2015-11-16 12:09:49

by Yigal Korman

[permalink] [raw]
Subject: [PATCH] mm, dax: fix DAX deadlocks (COW fault)

DAX handling of COW faults has wrong locking sequence:
dax_fault does i_mmap_lock_read
do_cow_fault does i_mmap_unlock_write

Ross's commit[1] missed a fix[2] that Kirill added to Matthew's
commit[3].

Original COW locking logic was introduced by Matthew here[4].

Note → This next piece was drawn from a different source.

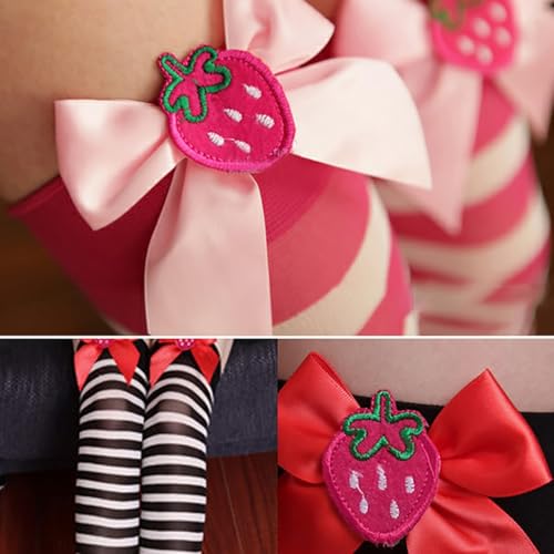 Women Stockings, Sweet Strawberry Bowknot Ribbed Over Knee Socks for Women Christmas Festivals Striped Thigh High 5

This should be applied to v4.3 as well.

[1] 0f90cc6609c7 mm, dax: fix DAX deadlocks
[2] 52a2b53ffde6 mm, dax: use i_mmap_unlock_write() in do_cow_fault()
[3] 843172978bb9 dax: fix race between simultaneous faults
[4] 2e4cdab0584f mm: allow page fault handlers to perform the COW

Signed-off-by: Yigal Korman <[email protected]>

Cc: Stable Tree <[email protected]>
Cc: Boaz Harrosh <[email protected]>
Cc: Ross Zwisler <[email protected]>
Cc: Alexander Viro <[email protected]>
Cc: Dan Williams <[email protected]>
Cc: Dave Chinner <[email protected]>
Cc: Jan Kara <[email protected]>
Cc: "Kirill A. Shutemov" <[email protected]>
Cc: Matthew Wilcox <[email protected]>
---
mm/memory.c | 8 ++++----
1 file changed, 4 insertions(+), 4 deletions(-)

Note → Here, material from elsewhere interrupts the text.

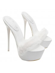 Sandalias sexys fabricadas en charol blanco con plateau de 6 cm y tacón de aguja de 17,5 cm de altura
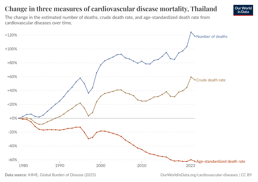 Are deaths from cardiovascular disease in Thailand increasing or decreasing?

diff --git a/mm/memory.c b/mm/memory.c
index c716913..e5071af 100644
--- a/mm/memory.c
+++ b/mm/memory.c
@@ -3015,9 +3015,9 @@ static int do_cow_fault(struct mm_struct *mm, struct vm_area_struct *vma,
} else {
/*
* The fault handler has no page to lock, so it holds
- * i_mmap_lock for write to protect against truncate.
+ * i_mmap_lock for read to protect against truncate.
*/
- i_mmap_unlock_write(vma->vm_file->f_mapping);
+ i_mmap_unlock_read(vma->vm_file->f_mapping);
}
goto uncharge_out;
}
@@ -3031,9 +3031,9 @@ static int do_cow_fault(struct mm_struct *mm, struct vm_area_struct *vma,
} else {
/*
* The fault handler has no page to lock, so it holds
- * i_mmap_lock for write to protect against truncate.
+ * i_mmap_lock for read to protect against truncate.
*/
- i_mmap_unlock_write(vma->vm_file->f_mapping);
+ i_mmap_unlock_read(vma->vm_file->f_mapping);
}
return ret;
uncharge_out:
--
1.9.3


2015-11-16 18:16:02

by Dan Williams

[permalink] [raw]
Subject: Re: [PATCH] mm, dax: fix DAX deadlocks (COW fault)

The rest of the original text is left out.